M5 Consolidated Tax Returns Flashcards
MCQ-06007
Which of the following groups may elect to file a consolidated corporate return?
Members of an affiliated group.
MCQ-12524
Which of the following statements regarding the election to file a consolidated tax return is correct?
Intercompany gains are eliminated.
MCQ-06536
On June 30, Gold and Silver are calendar-year C corporations. The corporations have merged, with Gold as a subsidiary of Silver. Silver owns 85% of Gold’s voting stock and fair market value (FMV). Which of the following tax return filings would be appropriate for the two companies?
A consolidated return, because Silver owns at least 80% of both the voting stock and FMV of Gold.
IRC Sections 1501 and 1504 allow certain combinations of corporations (an affiliated group) to file a consolidated income tax return.
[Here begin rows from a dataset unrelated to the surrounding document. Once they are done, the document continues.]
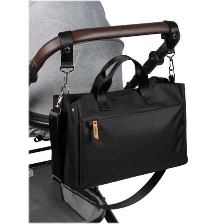 Органайзер с креплением позволит с легкостью отправиться на шоппинг. Черная сумка для прогулочной коляски имеет 3 внешних кармана.
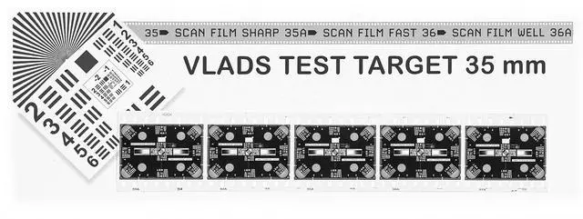 The target allows you to evaluate the resolution of any given lens and compare different lenses. With meticulous preparation and the use of Vlads Test Target, photographers can digitize their film with confidence, secure in the knowledge that the resulting images will faithfully represent the original. The Test Target is available in a variety of film formats, including 35mm, MF type 120, and 4x5", and is produced using the finest-grain film available, guaranteeing top-quality results. The full list of "Vlads
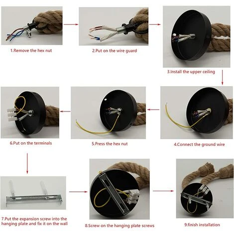 2.Tension: 220-240V | Puissance: max 60W | Matriel: mtal, corde de chanvre | (ampoule non incluse)| 1 x adaptateur de ttes E27.
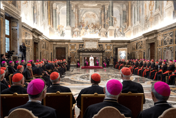 Christmas, he told the officials, “gives us the certainty that the grave evils perpetrated by some will never be able to cloud all the good that the church freely accomplishes in the world.”
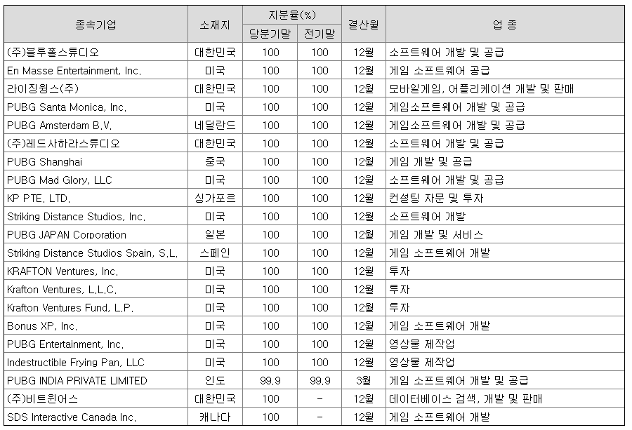크래프톤에 종속회사들로는 블루홀스튜디오, 라이징윙스, 펍지(PUBG)가 대표적입니다.
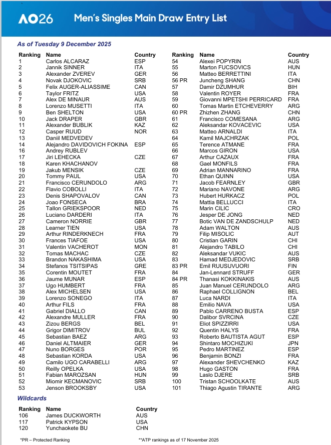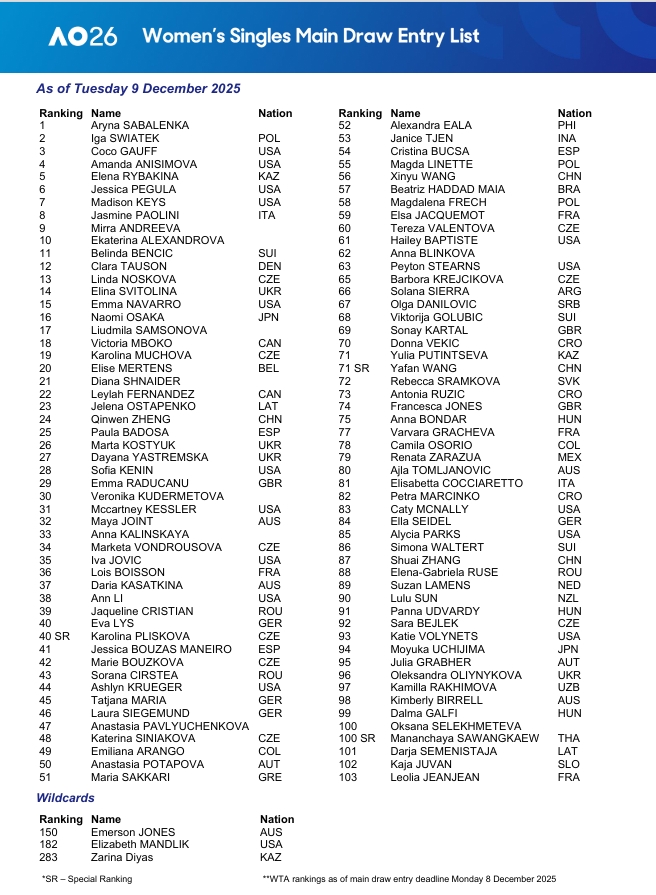 The 2026 Australian Open entry lists come with a red, white and blue hue.
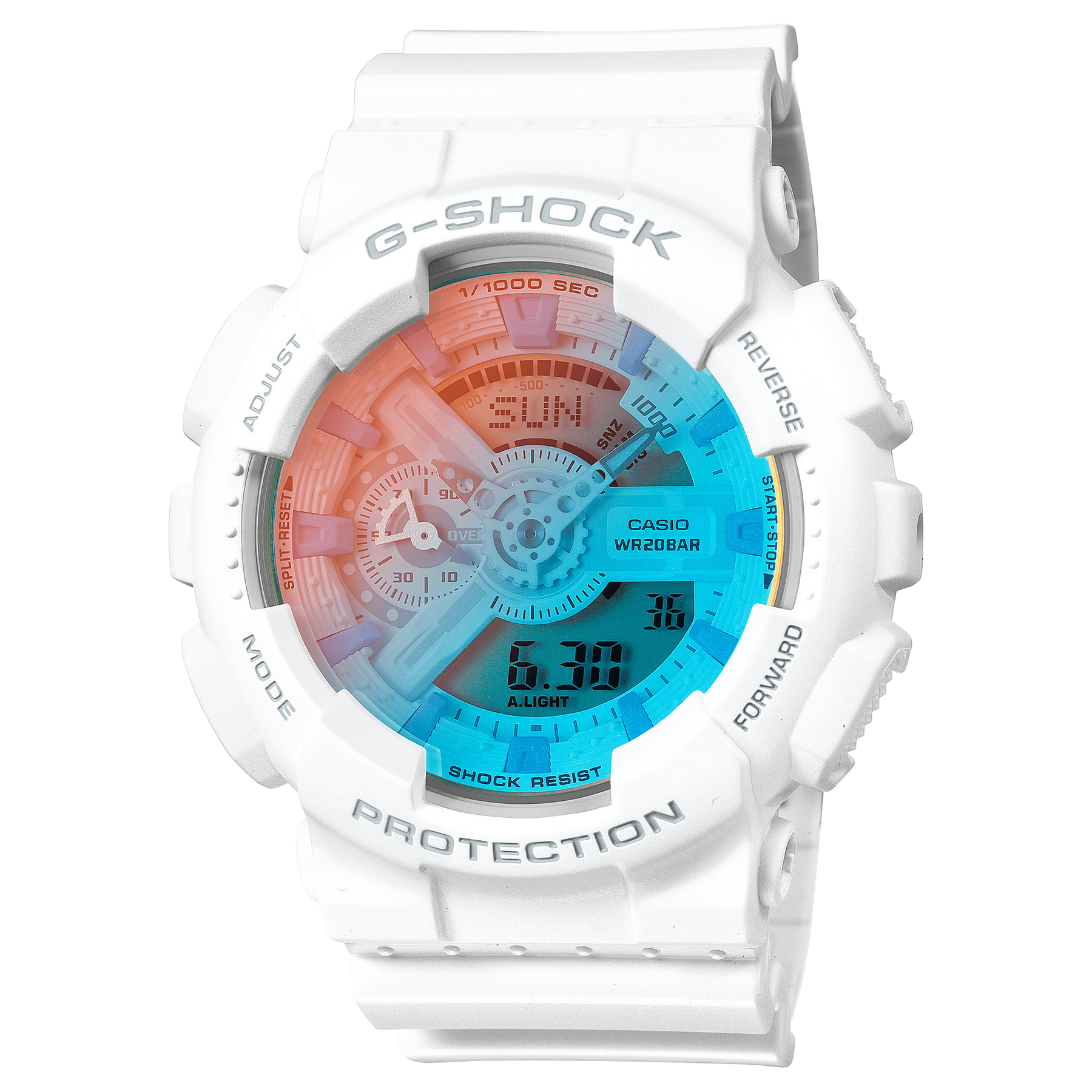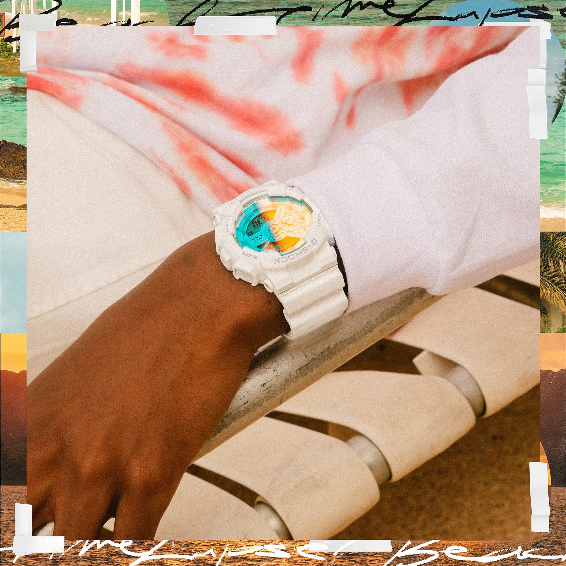 Set your mood to summertime and easy with a radiant G-SHOCK featuring a watch face in eye-catching colour.

An affiliated group is one or more chains of corporations connected through stock ownership with a common parent if that parent directly owns stock possessing at least 80% of the total voting power of at least one of the other corporations and having a value equal to at least 80% of the total value of the stock of the corporation.
MCQ-02112
With regard to consolidated tax returns, which of the following statements is correct?
Operating losses of one group member may be used to offset operating profits of the other members included in the consolidated return.
A significant advantage of consolidated tax returns is the ability to offset gains and losses among group members as if they were a single taxpayer.
MCQ-14679
With regard to consolidated returns, which one of the following statements is correct?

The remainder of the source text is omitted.